Suppose $\,a \le b\,$, otherwise flip the corridor around. If the box gets fully in through door $\,a\,$, then it will be able to get out through $\,b\,$ by symmetry, so it's enough to consider the move through $\,a\,$.

First step is to slide the box in at the maximum possible angle $\alpha$. If it can not get in the position depicted below without hitting the opposite walls first, then the move is impossible.

enter image description here

The angle $\alpha$ is determined by:

  • $\,a \cos \alpha = h'\,$

Then the conditions for the inside corners of the box to fit are:

  • $w' \cos \alpha \le w$

  • $w' \sin \alpha + h' \cos \alpha \le h$

(As a side comment, the first condition is equivalent to $\,h' \cdot w' \le a \cdot w\,$ i.e. the area of the box no larger than the area from the door to the opposite wall.)

These are necessary conditions, and no solution is possible if they don't hold.
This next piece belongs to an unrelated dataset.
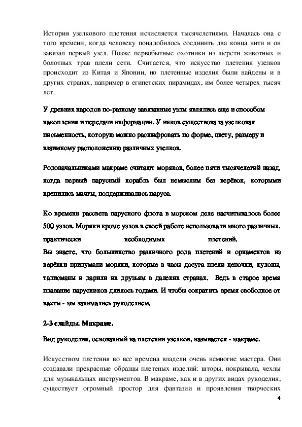 3История узелкового плетения исчисляется тысячелетиями. Началась она с

They are not sufficient conditions in general, though.

The next step would be to rotate the box towards vertical position by sliding the bottom corner to the right while keeping the top side in contact with the door edge. Such rotation, however, requires additional room at the top, and possibly to the right as well. Exactly how much room reduces in the end to finding the extrema of some trig functions, to which I did not find "nice" closed solutions.
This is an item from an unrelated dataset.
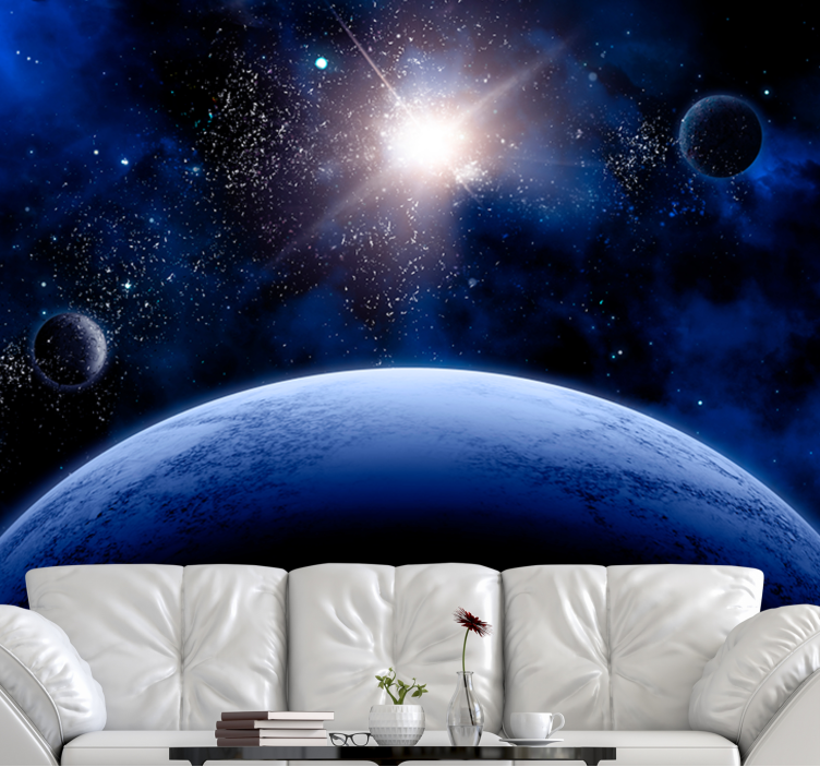 Transforma tus espacios con el Mural del espacio perspectiva orbital celestial, un diseño que evoca la majestuosidad del universo. Con planetas vibrantes, un sol radiante que emite rayos de sol y una galaxia llena de estrellas, este mural es un viaje visual a través del cosmos. La luz del sol se entrelaza con la profundidad del espacio, creando un ambiente que inspira asombro y tranquilidad.

Still, there are a couple of cases where the above conditions are sufficient as well (both of which assume that the length of the corridor is larger than the diagonal of the box $\,h \ge \sqrt{w'^2+h'^2}\,$).

  • If there is no perpendicular wall right next to $\,a\,$ i.e. if the bottom horizontal line in the drawing is missing, then the rotation can always be completed by sliding the bottom corner down and to the right, such that the box stays in contact with both edges of the door. In this case, the rightmost corner of the box never moves any closer to the right wall than it was before, so the previous condition is sufficient.

  • If the horizontal'ish diagonal of the red box has an upwards slope in that position (unlike the slightly downwards one in the picture), then again the rotation can be completed without requiring additional room on the right. This is the case when $\,\varphi \ge \frac{\pi}{2} - \alpha\,$ where $\,\varphi\,$ is the angle between the diagonal of the box and its wide side, which translates to $\,a \ge \frac{h'}{\sin \varphi}=\frac{h' \sqrt{h'^2+w'^2}}{w'}\,$.

(The above leaves out some trivial cases such as $w'\le w$ when the box can be simply translated all the way, or $w' \le a, h' \le w$ when the box can be first turned sideways then translated, but in my practice of having moved large boxes around corners those cases never happen ;-))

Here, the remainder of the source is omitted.